Open the .fasta file with an alignment viewer such as AliView or jalview and see if you can find and correct the alignment error. Hint: remember that the sequences in the alignment must all be the same length.

Export the amended alignment and save it with the name 'hiv_fixedalignment.fasta'. Alternatively, this file can be downloaded from the repo with the code below.

Read in the new .fasta file and repeat the steps above using the following code. Now the distance matrix no longer shows large differences between all sequences and the misaligned sequence. The long branch has also gone from the tree.

What else do you notice about how the HIV-1 subtypes cluster in the tree from their coloured tips?

In [None]:
# Reload the corrected alignment
!curl -O "https://raw.githubusercontent.com/MLGlobalHealth/StatML4PopHealth/main/practicals/day5/practical6/data/hiv_fixedalignment.fasta"

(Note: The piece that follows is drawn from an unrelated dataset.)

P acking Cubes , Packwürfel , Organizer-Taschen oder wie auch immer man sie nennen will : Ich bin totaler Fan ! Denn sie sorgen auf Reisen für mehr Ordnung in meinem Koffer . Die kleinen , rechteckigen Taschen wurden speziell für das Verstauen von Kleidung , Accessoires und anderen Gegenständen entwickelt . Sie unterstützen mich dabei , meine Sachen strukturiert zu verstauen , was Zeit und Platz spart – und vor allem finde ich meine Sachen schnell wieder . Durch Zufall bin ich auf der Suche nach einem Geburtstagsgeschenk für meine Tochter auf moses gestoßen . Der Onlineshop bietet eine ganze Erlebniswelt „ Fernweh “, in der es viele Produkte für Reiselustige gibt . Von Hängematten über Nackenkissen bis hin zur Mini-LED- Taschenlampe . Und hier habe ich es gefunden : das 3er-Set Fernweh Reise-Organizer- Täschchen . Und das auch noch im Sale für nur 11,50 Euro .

corrected_sequences = list(SeqIO.parse("hiv_fixedalignment.fasta", "fasta"))

# recompute distance matrix
corrected_alignment = MultipleSeqAlignment(corrected_sequences)
corrected_dmatrix = calculator.get_distance(corrected_alignment)

# convert to a DataFrame
dist_df = pd.DataFrame(corrected_dmatrix.matrix, index=corrected_dmatrix.names, columns=corrected_dmatrix.names)

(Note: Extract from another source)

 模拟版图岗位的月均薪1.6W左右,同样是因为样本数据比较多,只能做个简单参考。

# plot the distance matrix
plt.figure(figsize=(10, 8))
sns.heatmap(dist_df, cmap='viridis_r', square=True)
plt.title("Genetic Distance Matrix")
plt.show()



In [None]:
corrected_tree = constructor.nj(corrected_dmatrix)

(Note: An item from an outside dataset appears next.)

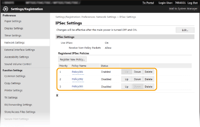 Използване на работния панелМожете да разрешите или забраните шифрованата с IPSec комуникация също и от <Меню> в екрана Начало. <Използване на IPSec>

# get tip labels and extract HIV subtypes
tip_labels = [clade.name for clade in nj_tree.get_terminals()]
subtypes = {label: extract_subtype(label) for label in tip_labels}

# define a color map for HIV subtypes
unique_subtypes = sorted(set(subtypes.values()))
color_palette = plt.get_cmap("tab10")  # Get distinct colors
color_map = {st: color_palette(i / len(unique_subtypes)) for i, st in enumerate(unique_subtypes)}

# plot tree
fig, ax = plt.subplots(figsize=(14, 10))

# plot tree without default labels
Phylo.draw(nj_tree, axes=ax, label_func=lambda x: None, do_show=False)
plt.draw()

# Get y coordinates for labels from the tree
y_coords = {leaf: y for y, leaf in enumerate(nj_tree.get_terminals())}

# get x coordinates for labels (branch tip locations)
x_coords = {leaf: sum(c.branch_length or 0 for c in nj_tree.get_path(leaf)) for leaf in nj_tree.get_terminals()}

# shift values to be correctly aligned
x_shift = max(x_coords.values()) * 0.02
y_shift = -1

# add new coloured labels
for clade in nj_tree.get_terminals():
    if clade.name:
        subtype = subtypes.get(clade.name, "Unknown")
        color = color_map[subtype]

        parent_x = x_coords[clade]
        y_pos = y_coords[clade] - y_shift

        ax.text(parent_x + x_shift, y_pos, clade.name,
                fontsize=10, color=color, verticalalignment="center")

# expand x-axis to fit new labels and adjust plot margins
ax.set_xlim(left=-0.001, right=max(x_coords.values()) + (x_shift * 15))

plt.subplots_adjust(left=0.05, right=0.95, top=0.95, bottom=0.05)

# plot tree
plt.title("Neighbour-joining tree", fontsize=14)
plt.tight_layout()

# save tree
out_path = os.path.join(output_dir, 'corrected_alignment_nj_tree_colST.png')
plt.savefig(out_path, dpi=300, bbox_inches="tight")

# plot tree
plt.show()


### Remove the recombinant

We notice that there is a recombinant of subtypes A and G (light blue tip). The algorithm doesn’t know where to put it in the tree, and we have a clade of both subtype A and subtype G viruses, whereas we’d expect the subtype A viruses to share a most recent common ancestor with all other subtype A sequences, and same for subtype G. What happens if we remove it?

Hint: search among the taxa labels for the recombinant.

Note that it is not necessary to exclude recombinants from phylogenetic analyses as a rule. However we have to be careful how we handle them. If we are interested in a particular recombinant circulating in the population, we might generate a separate phylogeny for just that circulating recombinant form.

In [None]:

# extract taxon labels
labels = [seq.id for seq in sequences]

# find recombinant taxa (not G, A, or Ref)**
to_remove = [label for label in labels if not re.match(r'^(G|A|.*ref.*)', label, re.IGNORECASE)]

# remove recombinant taxa
filtered_sequences = [seq for seq in sequences if seq.id not in to_remove]
filtered_sequences = MultipleSeqAlignment(filtered_sequences)

# save alignment without recombinants
filtered_alignment = os.path.join(output_dir, "alignment_worecombinant.fasta")  # Cleaned alignment (no recombinants)
SeqIO.write(filtered_sequences, filtered_alignment, "fasta")
print(f"Filtered alignment saved as: {filtered_alignment}")

# compute distance matrix
calculator = DistanceCalculator("identity")
dmatrix = calculator.get_distance(filtered_sequences)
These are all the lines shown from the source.